Transparency and monitoring of side effects will be particularly important in addressing vaccine concerns. The Jynneos vaccine, which looks to be about 85 percent effective against monkeypox, was approved based on animal studies and limited studies in humans. So far, it has been rolled out among certain populations, like members of the military and some laboratory researchers, with no apparent safety concerns.
“I think the benchmark that they used was reasonable,” Omer said of the vaccine trials. “So far, the safety record has been reasonable. But we need to again weigh the need versus the side effects.” The Jynneos vaccine doesn’t leave a scar like the earlier pox-family vaccine that was widely used against smallpox does, but it can be unpleasant to receive—with redness and swelling at the injection site alongside fever, fatigue, nausea, and chills. There is also little data on vaccination during pregnancy, although some countries, like the U.K., have begun vaccinating pregnant people during this outbreak, given the risks of contracting monkeypox during pregnancy and no adverse effects in animal trials. In addition, the vaccine isn’t approved for children under the age of 18, and it has not been studied well in this population.
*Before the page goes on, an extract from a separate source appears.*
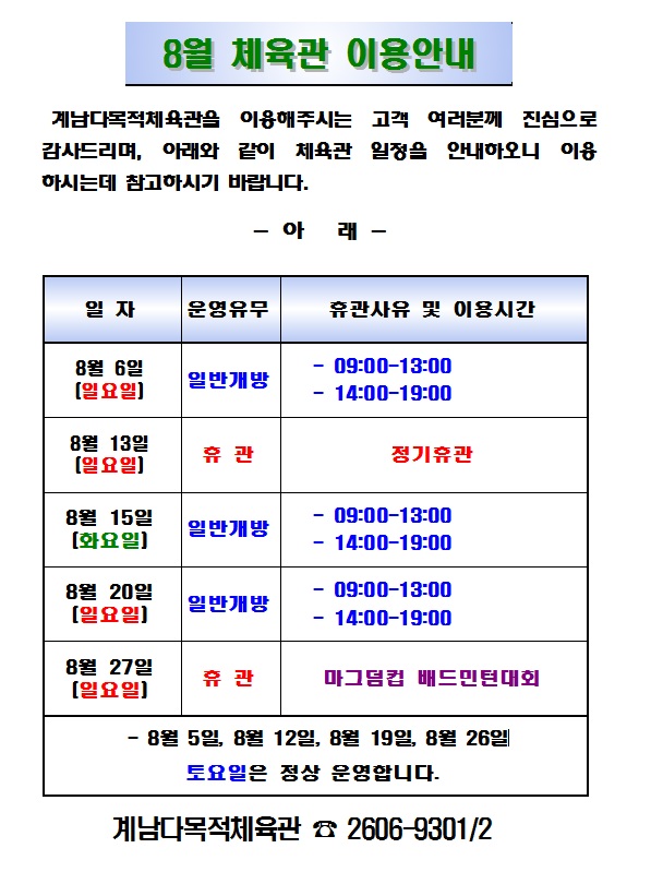 계남다목적체육관 계남다목적체육관 8월 이용안내 작성자 등록일자 2017년 7월 26일 9시 18분 25초 조회 1,343 계남다목적체육관 8월 이용안내를 붙임과 같이 첨부하오니 참고하시기 바랍니다. 8월 이용안내.jpg [ Size : 142.08KB , Down : 118 ] 미리보기 다운로드 목록보기

The vaccines currently being administered “should come with a robust postmarketing surveillance program” for effectiveness and safety in a wider population, Omer added. With the earlier smallpox vaccine, pericarditis and myocarditis soon emerged as potential side effects—in fact, that’s one of the reasons researchers looked for these conditions after Covid vaccination. So far, the very rare side effect doesn’t seem to have been detected with the later smallpox vaccines, but monitoring those who receive them now could help understand the vaccines’ safety profile.